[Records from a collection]
* * *

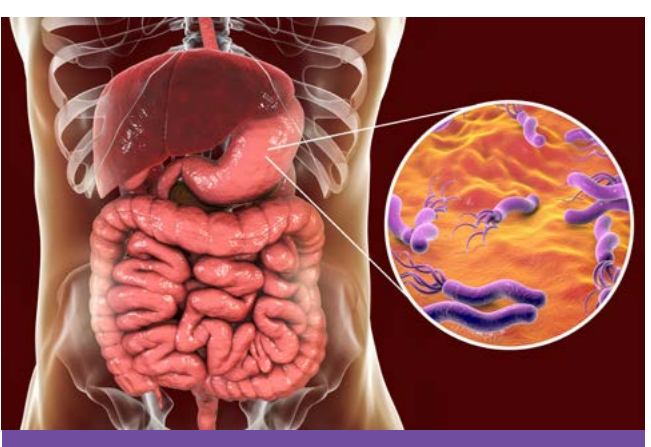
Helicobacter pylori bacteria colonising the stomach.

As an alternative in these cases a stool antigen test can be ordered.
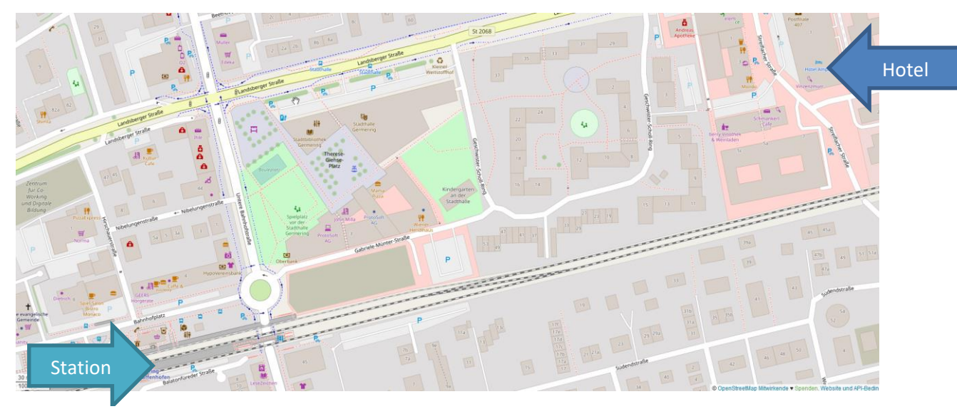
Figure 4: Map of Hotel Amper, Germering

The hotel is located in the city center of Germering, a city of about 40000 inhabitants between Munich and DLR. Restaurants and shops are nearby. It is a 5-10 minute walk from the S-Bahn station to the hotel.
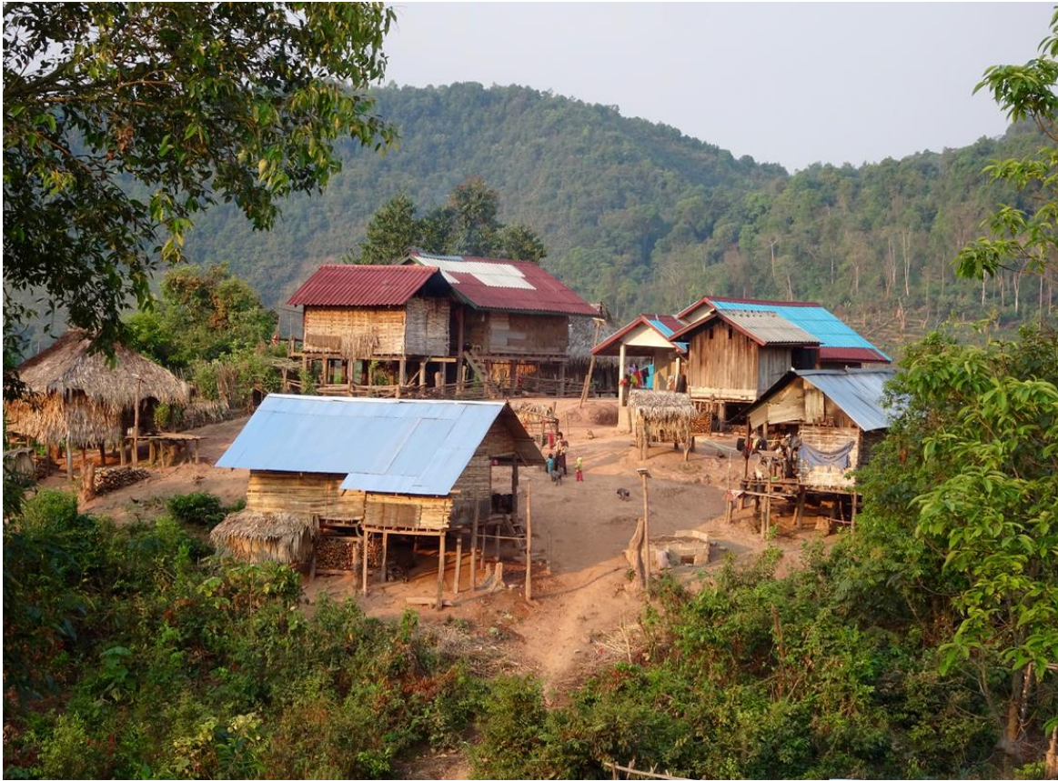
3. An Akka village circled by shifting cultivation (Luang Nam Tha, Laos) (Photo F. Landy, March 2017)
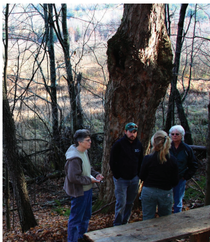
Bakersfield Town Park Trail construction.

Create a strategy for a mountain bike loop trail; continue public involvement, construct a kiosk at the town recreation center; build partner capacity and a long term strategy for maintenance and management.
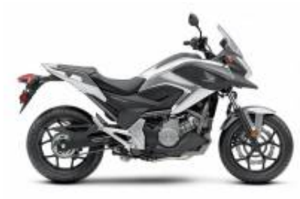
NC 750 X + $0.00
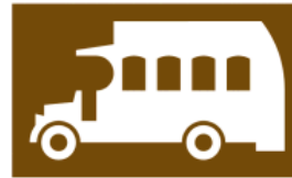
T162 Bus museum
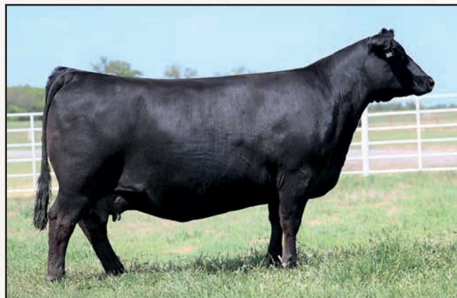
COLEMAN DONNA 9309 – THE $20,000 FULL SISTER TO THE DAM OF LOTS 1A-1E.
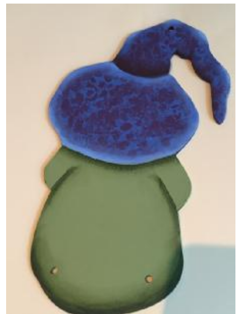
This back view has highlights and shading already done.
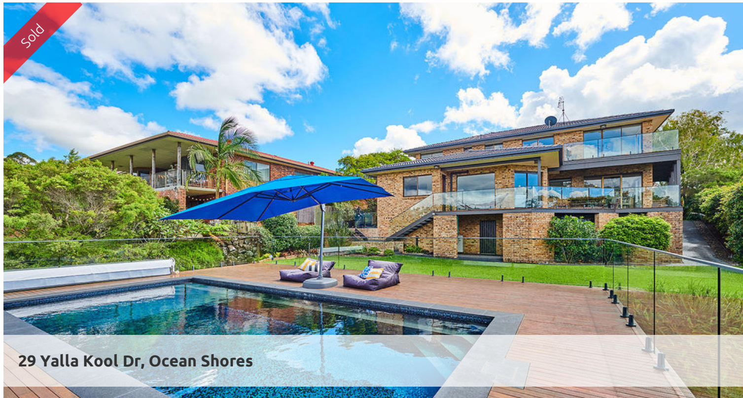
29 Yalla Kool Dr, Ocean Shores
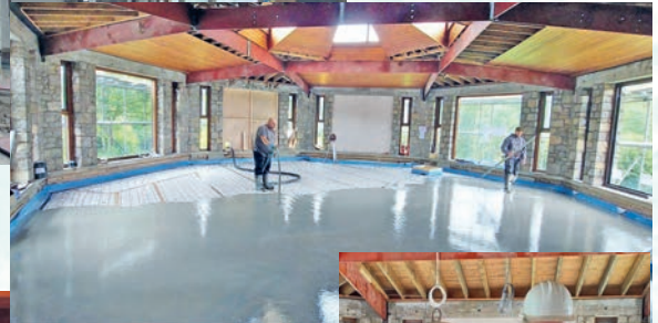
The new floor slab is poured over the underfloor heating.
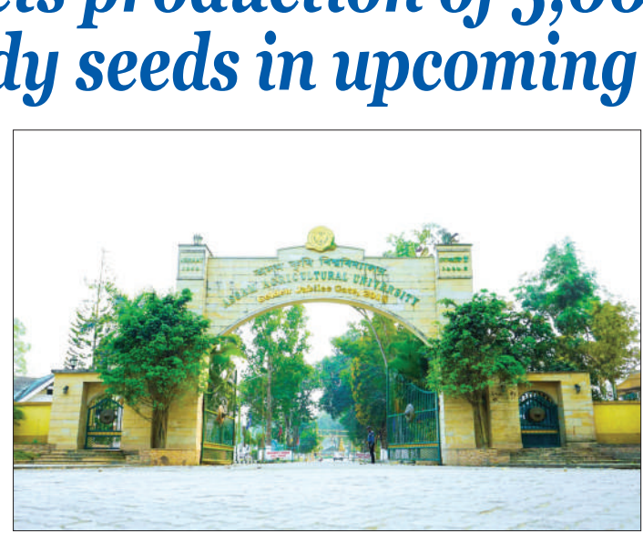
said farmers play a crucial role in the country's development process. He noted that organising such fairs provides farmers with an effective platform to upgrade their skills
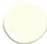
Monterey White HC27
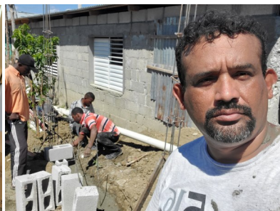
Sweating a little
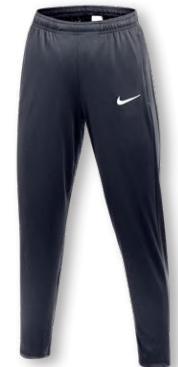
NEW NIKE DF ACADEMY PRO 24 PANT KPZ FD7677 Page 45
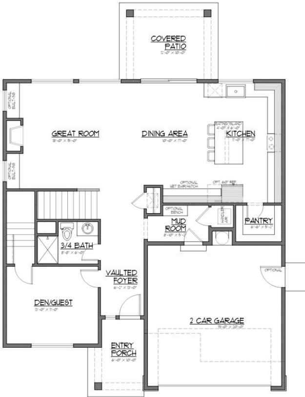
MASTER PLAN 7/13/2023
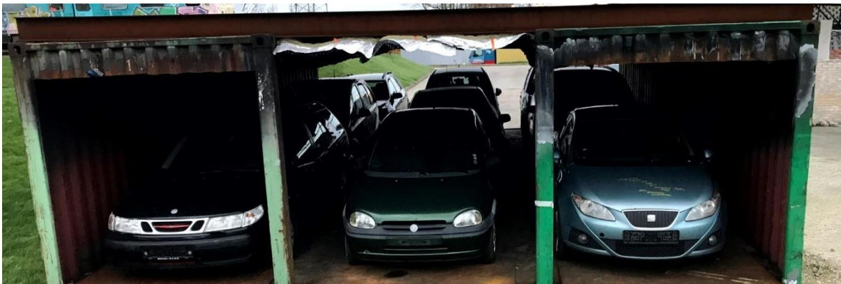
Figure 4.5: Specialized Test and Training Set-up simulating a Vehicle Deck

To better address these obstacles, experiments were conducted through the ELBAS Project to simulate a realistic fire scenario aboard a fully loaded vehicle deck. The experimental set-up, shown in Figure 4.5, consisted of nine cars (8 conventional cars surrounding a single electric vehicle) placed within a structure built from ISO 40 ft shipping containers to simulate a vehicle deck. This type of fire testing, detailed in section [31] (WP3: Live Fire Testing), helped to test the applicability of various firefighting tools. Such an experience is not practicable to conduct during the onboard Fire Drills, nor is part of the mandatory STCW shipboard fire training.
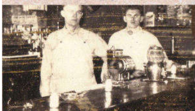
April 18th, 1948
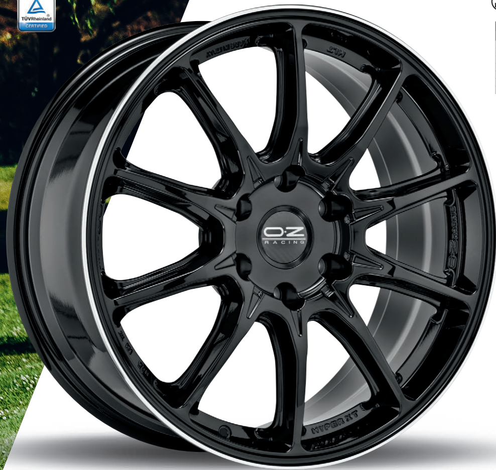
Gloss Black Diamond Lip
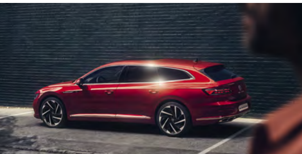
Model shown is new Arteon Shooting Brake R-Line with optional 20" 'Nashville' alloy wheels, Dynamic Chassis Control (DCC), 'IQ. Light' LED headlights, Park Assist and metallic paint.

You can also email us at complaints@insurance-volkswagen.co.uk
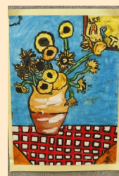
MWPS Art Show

* * *

Could you return exactly the lines starting with the one that contains "Figure 4.5: Specialized" and ending with the last line of the data above? Leave the pictures out.

#### [Final answer]
Figure 4.5: Specialized Test and Training Set-up simulating a Vehicle Deck

To better address these obstacles, experiments were conducted through the ELBAS Project to simulate a realistic fire scenario aboard a fully loaded vehicle deck. The experimental set-up, shown in Figure 4.5, consisted of nine cars (8 conventional cars surrounding a single electric vehicle) placed within a structure built from ISO 40 ft shipping containers to simulate a vehicle deck. This type of fire testing, detailed in section [31] (WP3: Live Fire Testing), helped to test the applicability of various firefighting tools. Such an experience is not practicable to conduct during the onboard Fire Drills, nor is part of the mandatory STCW shipboard fire training.
April 18th, 1948
Gloss Black Diamond Lip
Model shown is new Arteon Shooting Brake R-Line with optional 20" 'Nashville' alloy wheels, Dynamic Chassis Control (DCC), 'IQ. Light' LED headlights, Park Assist and metallic paint.

You can also email us at complaints@insurance-volkswagen.co.uk
MWPS Art Show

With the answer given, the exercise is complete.